Maintenir l’équilibre
Des chercheurs américains, travaillant sur ces notions de dys-régulation biologique, ont inventé le concept d’allostasie, qui se définit comme « la capacité à parvenir à la stabilité à travers (ou malgré) le changement ». Là où l’homéostasie décrit des états, et plus précisément des états en équilibre, l’allostasie définit la faculté d’un système à maintenir son ou ses équilibres face aux changements. Cette notion se rapproche de celle de « résilience » qui est en quelque sorte la capacité à résister. Autrement dit, nous devons donner à notre corps tous les moyens pour qu’il puisse résister aussi longtemps que possible aux changements, aux aléas de l’existence.
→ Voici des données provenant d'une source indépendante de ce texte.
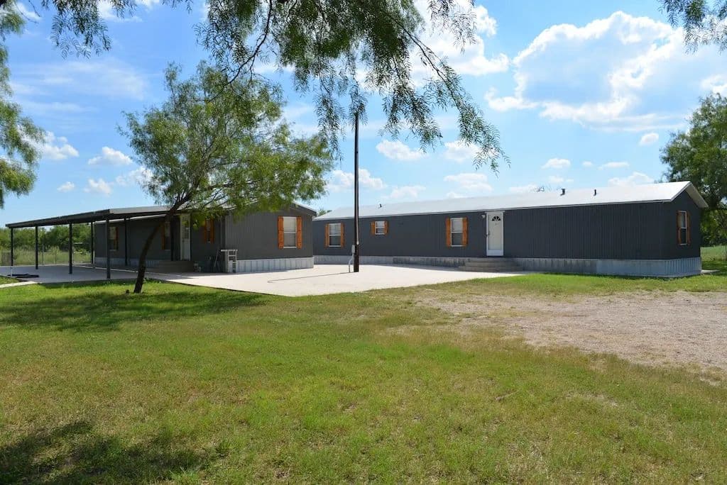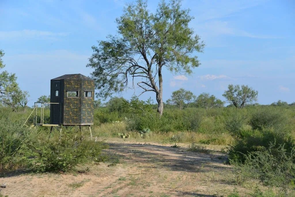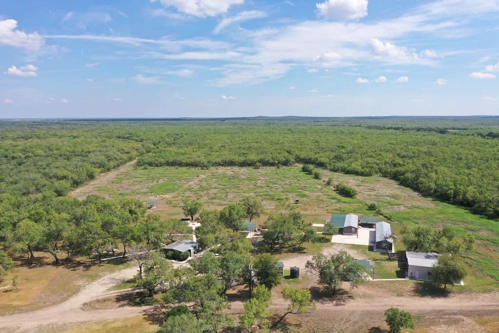 The headquarters is well-maintained and shaded by large mesquite trees. Improvements include two mobile homes, a cantina/cook shack, pavilions, fire pits, and concrete patios. The property also features a modest shooting range, a parking area, sidewalks, two storage containers, and an enclosed barn. Electric swing gates provide controlled access from Highway 140 to the headquarters. The ranch is well-equipped for hunting, with 9 enclosed hunting blinds, 11 corn feeders, and 9 protein feeders.

Afin de donner plus de consistance à ce concept un peu compliqué, les chercheurs ont développé le score dit allostatique qui permet de mesurer la dose de dys-régulation biologique. Il se calcule à partir de certains dosages ou mesures comme : le rapport taille/hanche, la tension artérielle, le taux du HDL cholestérol, l’hémoglobine glyquée, le cortisol, la CRP et les fonctions rénales et pulmonaires… Les chercheurs ont en effet démontré que ce score est corrélé au risque de développer des maladies et de mal vieillir. Réduire son score allostatique est donc synonyme de vieillissement réussi…
La réduction du score allostatique passe par l’apprentissage des stratégies de coping (c’est-à-dire de manières de s’ajuster aux situations difficiles) : la relaxation, la reconnaissance de ses propres limites, une bonne hygiène de vie, un régime nutritionnel adapté, l’absence de tabagisme, la pratique régulière d’une activité physique, la lutte contre l’isolement social.
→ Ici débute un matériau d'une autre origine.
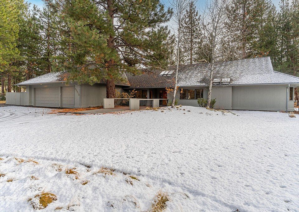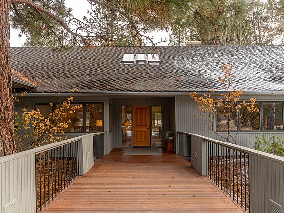 Timeless SINGLE LEVEL home situated on a private 2.37 acre lot in SE Bend's coveted Woodside Ranch! Built by highly-acclaimed Sun Forest Construction and designed by Steven Van Sant, this 4 BR home features a thoughtful, open floorplan and backs to the stunning Deschutes National Forest setting. Charming Living Rm w/wood burn fireplace, vaulted ceilings and light-filled windows take in the tranquil forest views. Chef's kitchen offers solid surface countertops, new stainless appliances, ample cabinetry and opens to a delightful Family Rm w/cozy wood stove and built-in workspace. Spacious Formal Dining Rm. Primary Suite w/direct access out to back deck and hot tub area, walk-in closet, dual vanity and tiled shower. 2 additional BR/full BA+ 4th BR currently being used as home office. New carpet, paint and LVP flooring. Expansive deck ideal for entertaining and relaxing overlooking the Ponderosa Pines and High Desert landscape. Fenced dog run. Oversized 3 car garage for all your Bend gear.

Le stress oxydant, un marqueur ?
L’état de stress oxydant est le résultat d’une agression oxydative moins l’action de nos défenses antioxydantes. Il s’agit d’un résultat négatif sur le plan comptable, l’agression ayant été supérieure aux défenses. Cette opération laisse dans l’organisme une quantité de produits oxydés, lipides, sucres, ADN, protéines dénaturées, dont on sait qu’ils sont délétères pour la santé et qu’ils accélèrent le vieillissement. Autrement dit, le stress oxydant augmente le désordre. Le score de stress oxydatif est en quelque sorte un score de l’entropie de l’organisme… Les stratégies nutritionnelles, qu’elles soient de l’ordre du conseil ou de la supplémentation, n’ont finalement pour but que de remettre de l’ordre dans le désordre…
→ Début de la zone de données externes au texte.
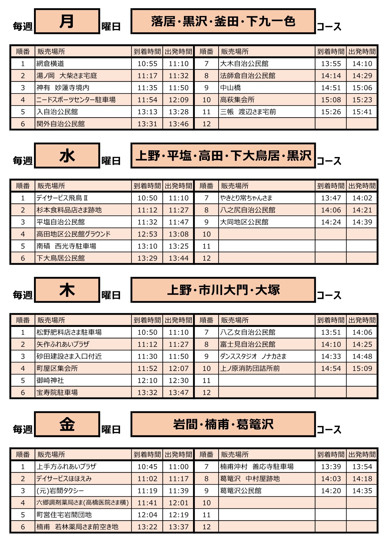 移動スーパーは、月曜日から金曜日にそれぞれのコースで運行します。※天候や道路状況により到着時間が前後する場合があります。(天候〈警報発令時〉、道路状況によっては運行できない場合もあります。)

Or, le stress oxydant peut aussi être considéré comme la faillite d’une fonction régulatrice, la fonction Redox, qui n’est rien d’autre que l’ensemble des processus qui permettent à l’organisme de se maintenir dans un équilibre oxydation/réduction optimal. La charge allostatique sur le plan oxydatif est la somme des facteurs ou agresseurs oxydants qui en permanence éloignent notre organisme de l’équilibre Redox. L’allostasie, quant à elle, est notre capacité à parvenir à la stabilité (ou l’équilibre) Redox face aux changements (ou agresseurs oxydants).
En conclusion, ces notions nous amènent à repenser notre façon de concevoir notre santé et, au-delà, notre vieillissement. L’essentiel n’est pas de focaliser nos efforts sur ce que nous sommes, mais sur la façon dont nous réagissons… Il est sûrement intéressant de connaître son taux de glycémie à jeun, mais il est beaucoup plus judicieux de savoir comment il évolue en fonction des repas que nous prenons ou de nos dépenses énergétiques.
Il est sûrement intéressant de savoir si notre humeur est bonne, mais il est beaucoup plus judicieux de savoir comment elle évoluerait face à un choc psychologique brutal ou à un stress qui s’éternise… Et, pour conserver le plus longtemps notre capacité à revenir aux équilibres malgré tous ces événements déstabilisateurs, il suffit peut-être tout simplement de mettre de l’ordre là où le désordre s’installe.